Every morning I wake up on

The wrong side of capitalism

Tony Blair’s favourite band

U2 as Badiou-ian revolutionaries? Unlikely. Surely the problem with Blairite capitalist culture is not a _lack_ of “yearning, the horizon, the utopian”, let a lone a lack of “hairy-chested wailing.” On the contrary, capitalism now thrives on a certain sort of passion. U2 are a great engine for constructing a ’sincerity’ with no content (they mean nothing, but they _really mean it_). This is the same sincerity that is at issue when arguments about the Iraq war shift to discussions of Tony Blair’s character, with what he _believed_ in the run up to the war. The absence of WMDs serves to retrospectively make him _more sincere_; thus, the more wrong Tony Blair turns out to be, the more justified he can claim the invasion was.

The affects of passion and sincerity are the cornerstone of what k-punk calls innocynicism, the ruling ideology right now. It’s no surprise that U2 suddenly became cool again in the late ’90s: but, now more than ever, it’s important to remember just how shit they are.

Incidentally, is Joshua Tree where Foucault used to go to drop acid with Geo’s landlord’s mate? Or was that a different, more northerly, desert?

 

8 comments

  1. Brilliant. Couldn’t agree more. That whole issue about “really meaning”, the pathos set up before that “lack of meaning” must also be related to what I perceive as a deep flaw in self-reflexivity -which already in Freud’s age began to fail its diagnostic task.
    Self-reflexivity NOW is just another mechanism that enables functioning. It’s as if the “crisis situation” of the romantic subject is being produced as enjoyment now. Excuse the Zizek jargon, it just came outthat way.
    cheers

    Comment by steff @ 8/28/2005 10:44 am

  2. they mean nothing, but they really mean it
    Brilliant post by Tim at the Wrong Side of Capitalism, which manages to precisely identify the parallels between Blair and U2. (Strangely, the post he was responding to seems to have disappeared.) It also makes a very serious point about…

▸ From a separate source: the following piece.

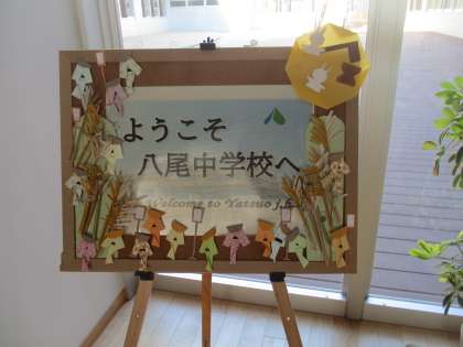 先日紹介した職員玄関前のウエルカムボードに続き、生徒玄関前のウエルカムボードもめっきり秋らしくなりました。

    Trackback by k-punk @ 8/28/2005 10:35 pm

  3. “U2 suddenly became cool again”: on which planet did this happen? and on which planet were they ever cool in the first place? I seem to have managed to avoid it for the past 20-odd years. Lucky me.

    Comment by Jim @ 8/29/2005 1:04 am

  4. There was an attempt to rehabilitate U2 when ‘Pop’ came out in 1997. It looked like it had failed, but then when ‘All that you can’t leave behind’ was released, the rehibilitation campaign was retroactively declared succesful, and music journalists and Radio 1 DJs were falling over themselves to big up U2.

    Comment by Tim @ 8/29/2005 5:06 am

  5. They weren’t part of the catholic conspiracy then Tim? :-)

    Comment by mark k-p @ 8/29/2005 6:35 am

  6. i meant the anti-catholic conspiracy obviously!

    Comment by mark k-p @ 8/29/2005 8:04 am

  7. With Bono running for Peace Nobel Prize alongside the equally nonest and hollow German chancellor, this post should be written on big walls.

    Comment by Classless Kulla @ 8/30/2005 9:36 pm

  8. Didn’t he drop acid with Carlos Castaneda and then saw a giant Victorian Super-Nanny invent sexuality (or “its current cultural forms”)? They then headed to Big Sur and found some alligators in a pond.